**Your objective:** Note on the material below: return exactly the lines from the line that holds "Page 157 - BİNGO 4.SINIF MATEMATİK 1.KİTAP" through the line that holds "are ‘bound’ together).", and leave out each picture.

=== Records for the task ===

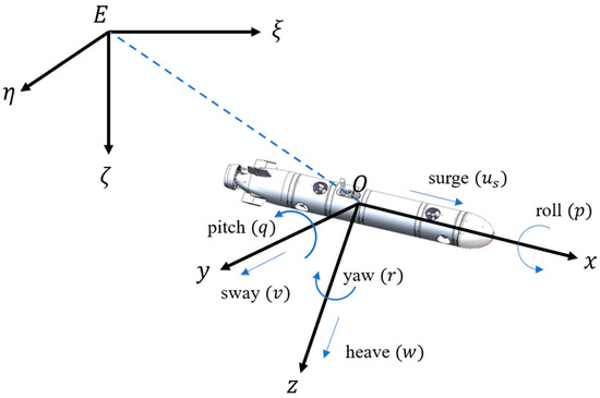 where is the inertial matrix, is the Coriolis and centripetal matrix, is the hydrodynamic damping matrix, and is the hydrostatic force and moment. is the AUV’s control vector, where is the stern thruster force, is the vertical plane deflection, and is the translational plane deflection. is the active control force in the AUV’s motion coordinate system . is the external disturbance. represents the disturbance brought by parametric uncertainties [10].
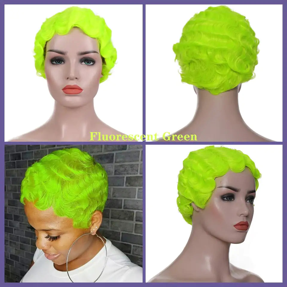 With a length ideal for a chic short hairstyle, this wig is designed to suit any face shape and skin tone. Available in a stunning variety of colors, including black, khaki, light brown, red, pink, wine red, orange, dark green, fluorescent green, purple, gold, and white, you can easily find the perfect shade to express your personality!
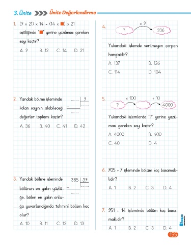 Page 157 - BİNGO 4.SINIF MATEMATİK 1.KİTAP
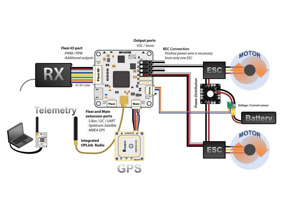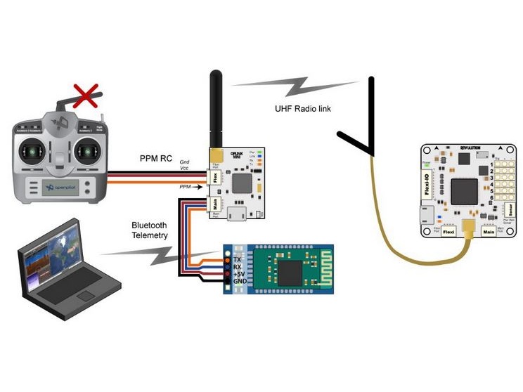 – You will need two OPLink radios to establish a connection between the vehicle and ground station. Note that the Revolution board has an OPLink built into the flight controller. The same firmware version must be running in Revo and OPLM devices (i.e. if you upgrade one board, you will need to upgrade all others that are ‘bound’ together).
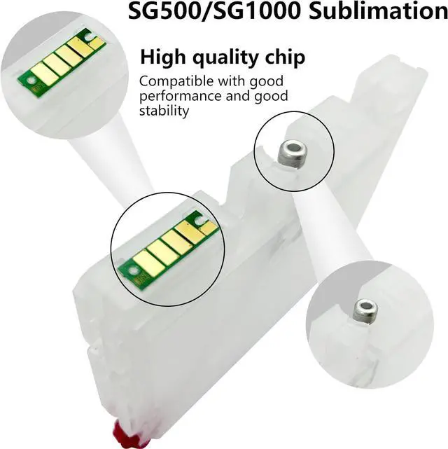 This ItemHEMEINY Empty Refillable Ink Cartridges Compatible with Sublijet Virtuoso Sawgrass SG500 and SG1000 Printer, with One Time ChipsRecommendationsHiipoo 500ML Sublimation Ink Refill for ET2400 ET-2720 ET-2760 ET-2800 ET-2803 ET-2850 ET-4800 ET-15000 ET-3760 Inkjet Printer Heat Press Transfer on Mugs T-Shirts Pillows (Upgrade Version) Heat Transfer Printer Ink sublijets hd Ink Compatible with Sawgrass Virtuoso sg400 sg800 sg400NA/EU sg800NA/EU RICOH GC41 SG2010 SG2100N SG3100 SG3100SF SG3100SNW SG3110DN SG3110DNW SG3120SF SG7100 SG7100DN Sublimation Ink use for Refillable Cartridges or CISS Sublimation Ink for EcoTank ET-2800 ET-2850 ET-2400 ET-2720 ET-2760 ET-2803 ET-3760 ET-4800 ET-4850 ET-15000 ET-3850 ET-3830, Sublimation Ink for E pson Inkjet Printer (Autofill/ICC-Free/Anti-UV) Hiipoo 502 522 Refill Ink Bottle Replacement for Epson 502 522 (Not for Sublimation) for ET-2750 ET2720 ET-2803 ET-2800 ET-3750 ET-4750 ET-3760 ET-4760 ET-2850 ET-4800 ET-3700 ET-15000 Printer Hiipoo Sublimation Ink Refilled Bottles Work with WF7710 ET2760 ET2720 ET2803 ET2800 C88+ XP-4105 Inkjet Printer Heat Press Transfer on Mugs Plates T-Shirts Pillows Phone CaseB/C/M/Y

===

**Answer box:**
 Page 157 - BİNGO 4.SINIF MATEMATİK 1.KİTAP
 – You will need two OPLink radios to establish a connection between the vehicle and ground station. Note that the Revolution board has an OPLink built into the flight controller. The same firmware version must be running in Revo and OPLM devices (i.e. if you upgrade one board, you will need to upgrade all others that are ‘bound’ together).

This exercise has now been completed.